**Exercise brief**
Please repeat exactly the lines from the one containing "このタクティカルペンは、筆記" through the last line of the records below, both included, and leave out any pictures.

(Collected data entries)
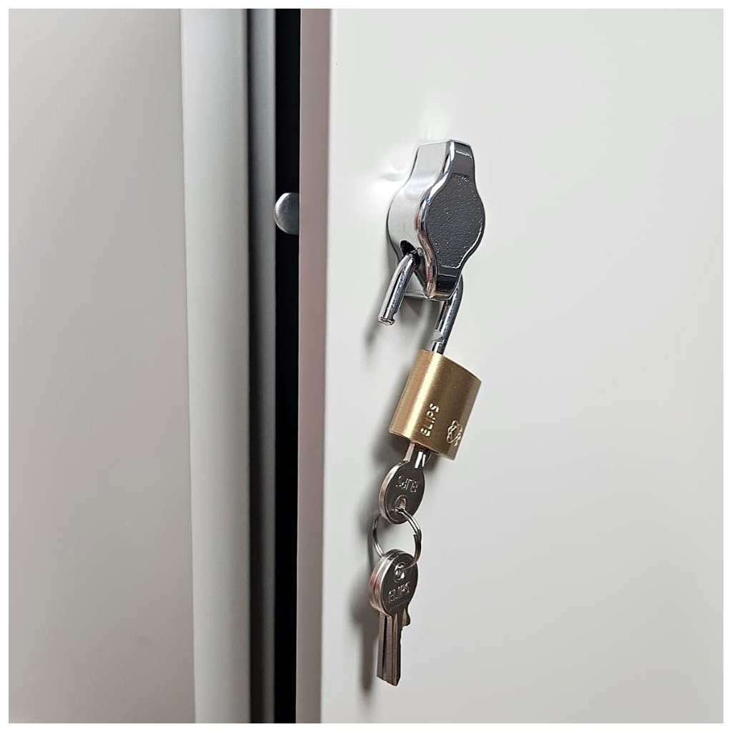 Materialul portan este metalul de grosime variabilă între 0,5 și 1,0 mm, oferind o rezistență solidă în timp. Sistemul de închidere prin lacăt adaugă un plus de siguranță obiectelor depozitate, fiind potrivit pentru un mediu de lucru, școli sau alte spații unde securitatea este importantă.
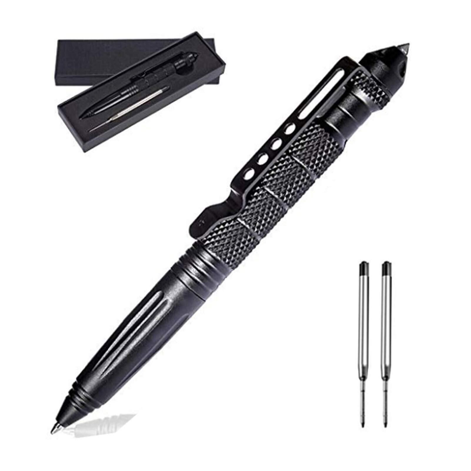 このタクティカルペンは、筆記と保護の機能を兼ね備えた多機能なアイテムです。車の中に閉じ込められているなどの緊急事態では、窓を破るために使用することができます。ペン本体は航空宇宙グレードのアルミ合金製で、強度と耐食性に優れています。アタックチップはタングステン鋼でできており、ガラスを簡単に割ることができます。滑り止めデザインは快適なグリップを実現し、パッケージには1本の戦術ペンと2本の予備のインク詰め替えが同梱されています。このペンはノントキシックで、成年向けユニセックスのアイテムです。筆記用インクはブラックで、水に溶けます。このペンはサバイバル、自衛、緊急事態など様々な用途に使用することができます。
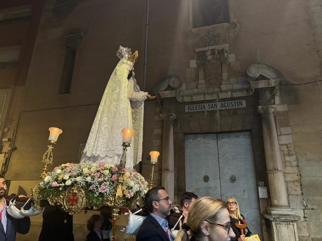 El recorrido es corto, el que separa la plaza de las aulas de la plaza Mayor. Algunos años se ha hecho por la calle Cavallers, este año ha sido por la calle Mayor. Pero de cualquier modo se trata de un traslado sencillo, discreto, en el que apenas algunas decenas de personas acompañan la peana.
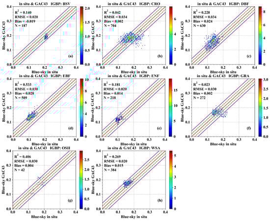 - Wang, K.; Liang, S.; Schaaf, C.L.; Strahler, A.H. Evaluation of Moderate Resolution Imaging Spectroradiometer land surface visible and shortwave albedo products at FLUXNET sites. J. Geophys. Res. Atmos. 2010, 115, D17107. [Google Scholar] [CrossRef]
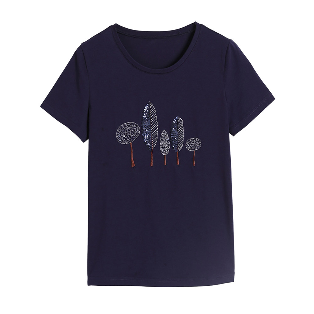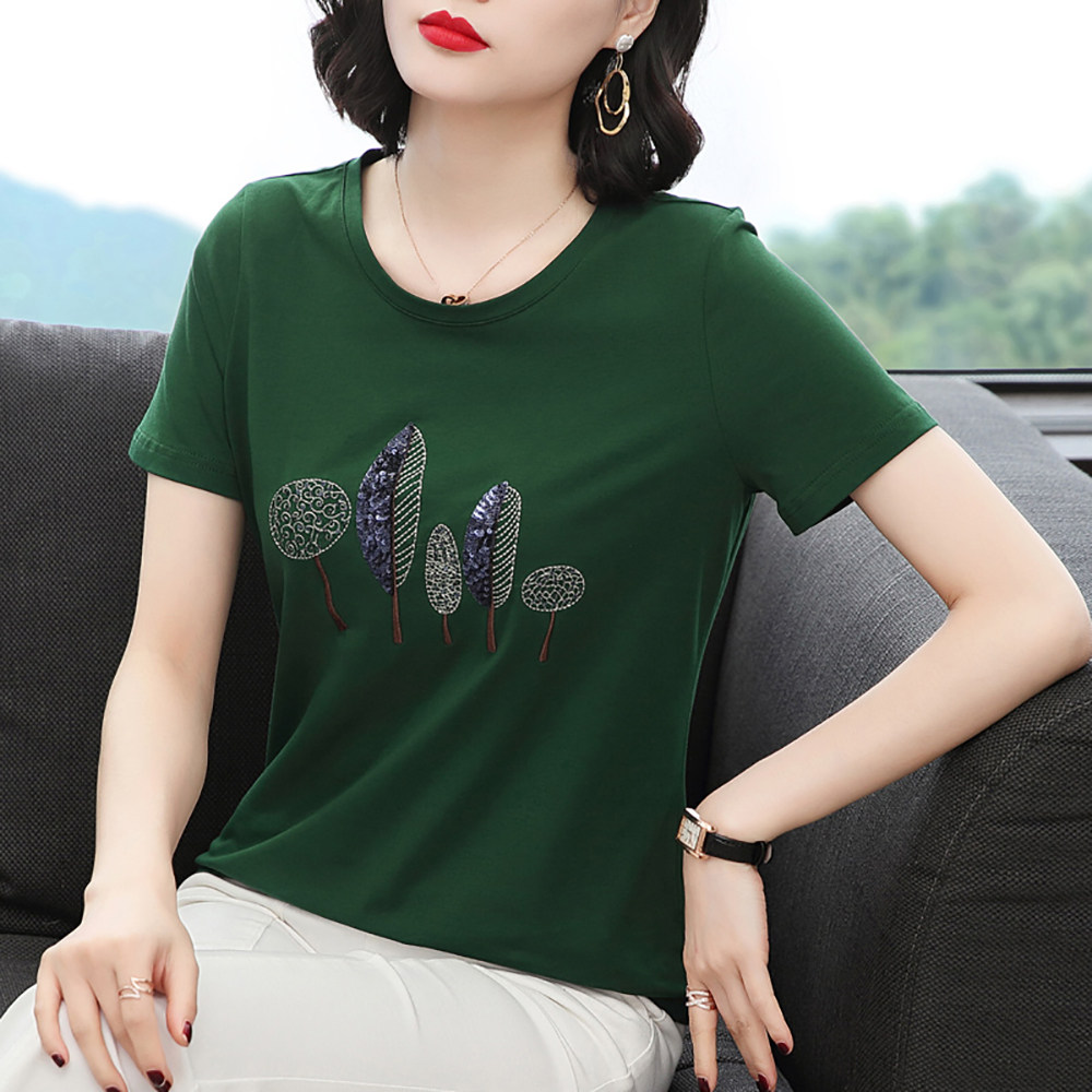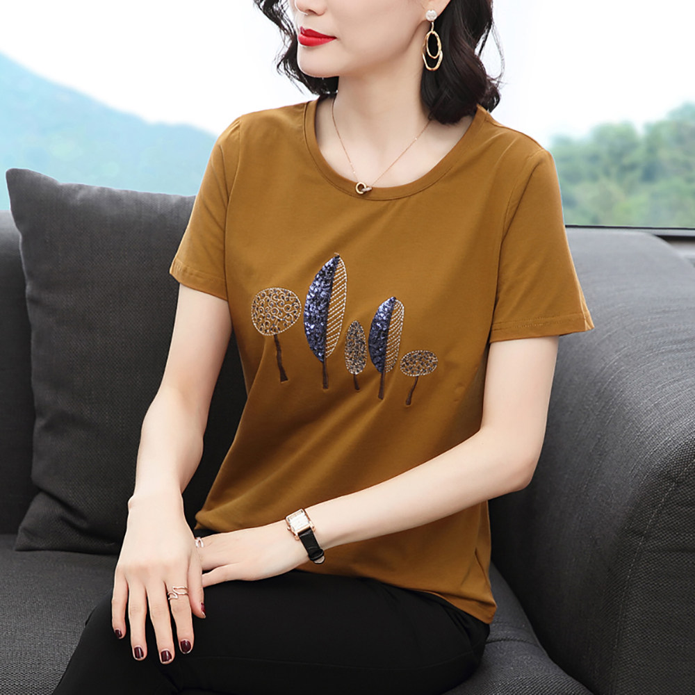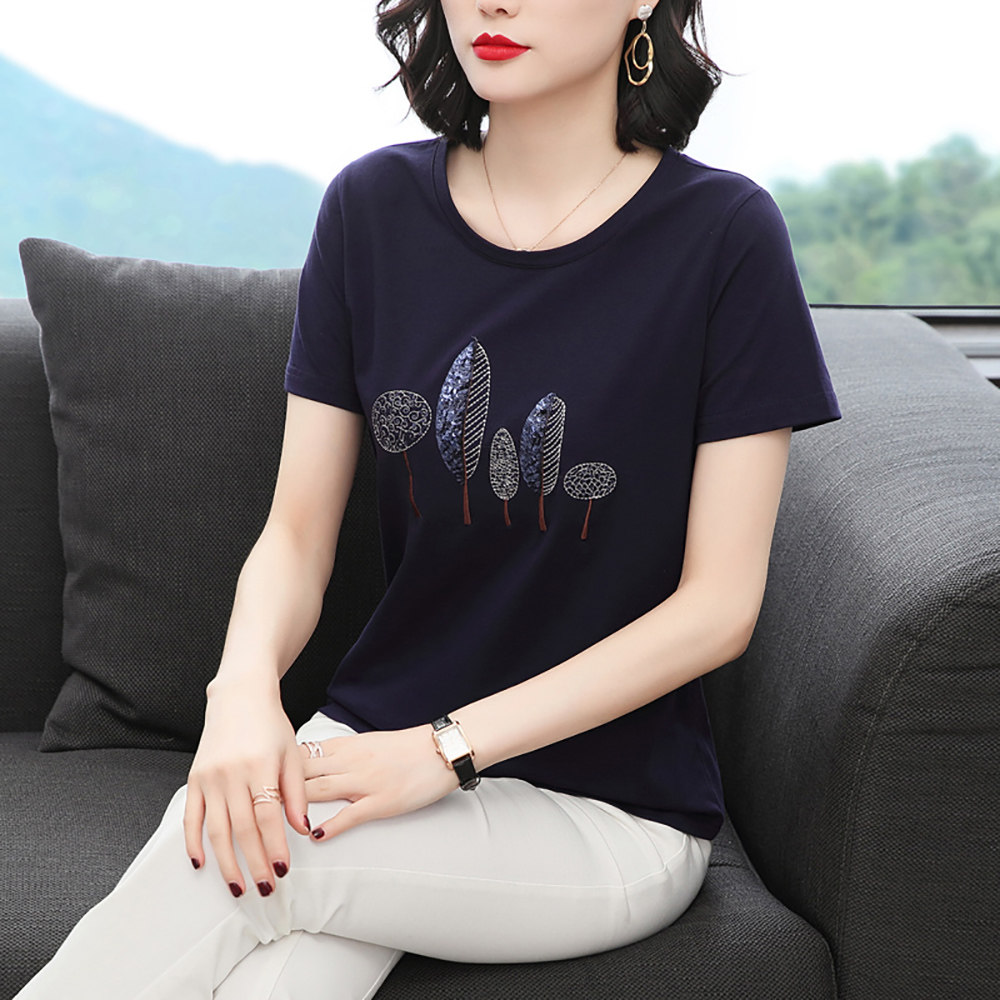 Summer ladies short sleeve cotton t shirt new loose embroidered middle-aged mom loaded with a toilet shirt

**Response to the exercise**
 このタクティカルペンは、筆記と保護の機能を兼ね備えた多機能なアイテムです。車の中に閉じ込められているなどの緊急事態では、窓を破るために使用することができます。ペン本体は航空宇宙グレードのアルミ合金製で、強度と耐食性に優れています。アタックチップはタングステン鋼でできており、ガラスを簡単に割ることができます。滑り止めデザインは快適なグリップを実現し、パッケージには1本の戦術ペンと2本の予備のインク詰め替えが同梱されています。このペンはノントキシックで、成年向けユニセックスのアイテムです。筆記用インクはブラックで、水に溶けます。このペンはサバイバル、自衛、緊急事態など様々な用途に使用することができます。
 El recorrido es corto, el que separa la plaza de las aulas de la plaza Mayor. Algunos años se ha hecho por la calle Cavallers, este año ha sido por la calle Mayor. Pero de cualquier modo se trata de un traslado sencillo, discreto, en el que apenas algunas decenas de personas acompañan la peana.
 - Wang, K.; Liang, S.; Schaaf, C.L.; Strahler, A.H. Evaluation of Moderate Resolution Imaging Spectroradiometer land surface visible and shortwave albedo products at FLUXNET sites. J. Geophys. Res. Atmos. 2010, 115, D17107. [Google Scholar] [CrossRef]
 Summer ladies short sleeve cotton t shirt new loose embroidered middle-aged mom loaded with a toilet shirt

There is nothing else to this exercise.